If the biopsy does not show cancer, the nodule is usually monitored over time for changes. Some specialists recommend treatment with thyroid hormone to decrease the size of the nodule. If a nodule is cancerous or suspicious for cancer, or if it interferes with swallowing or breathing, it should be removed surgically.

Prevention


Adults should be screened for thyroid dysfunction, beginning at age 35 and then every five years. People with symptoms of thyroid dysfunction and those at risk may require more frequent testing.

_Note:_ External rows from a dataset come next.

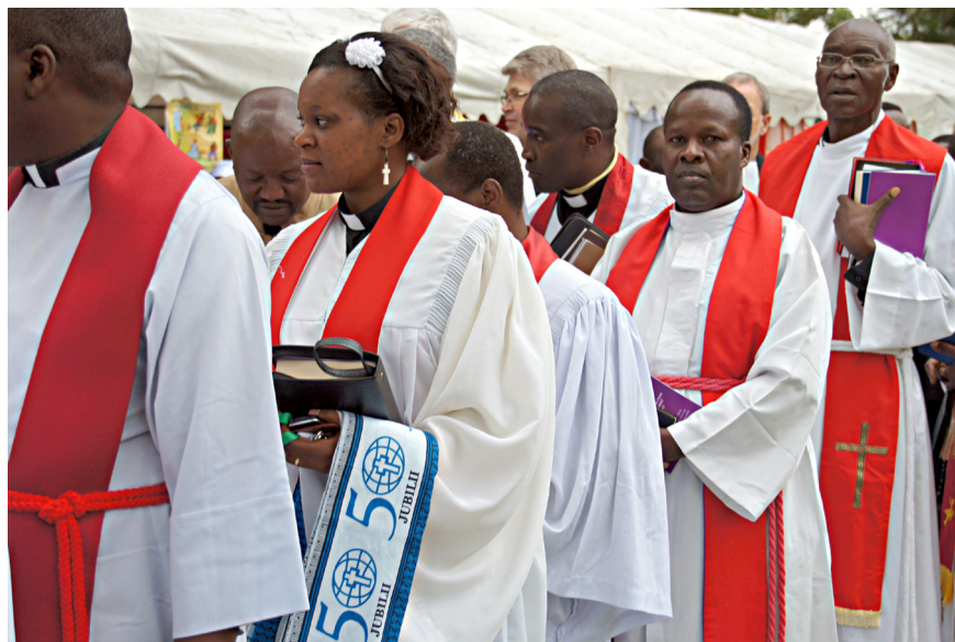
Pastors from the ELCT prepare for the procession preceding the worship service to mark the 50th anniversary of the church.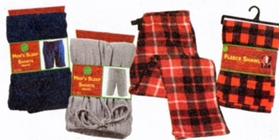
Holiday Apparel Selection may vary by store.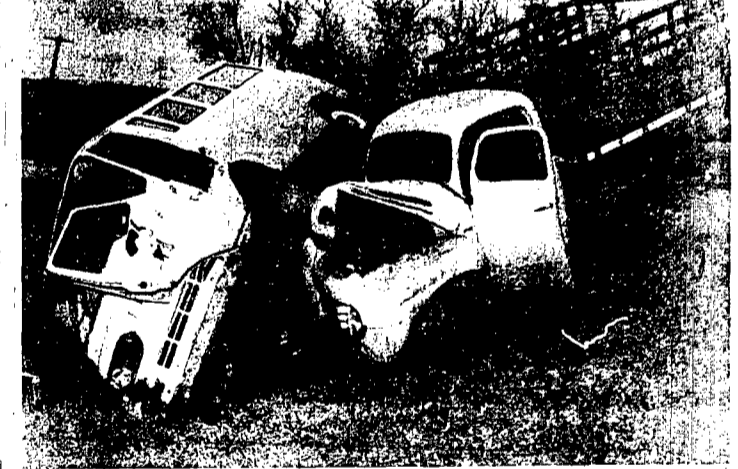
TRUCKS COLLIDE... Wayne Man Injured

Iodine in the diet is important to thyroid hormone production. Any type of seafood is a rich source of this element. In Australia, table salt contains high levels of iodine, and Australian bakers are required to use iodised salt in bread. Therefore, further iodine supplements are not recommended: indeed, excess iodine can cause complications.

Pregnant and breast feeding women may require iodine supplementation, but should consult with a doctor.

Regular exercise is important for maintaining healthy hormone levels.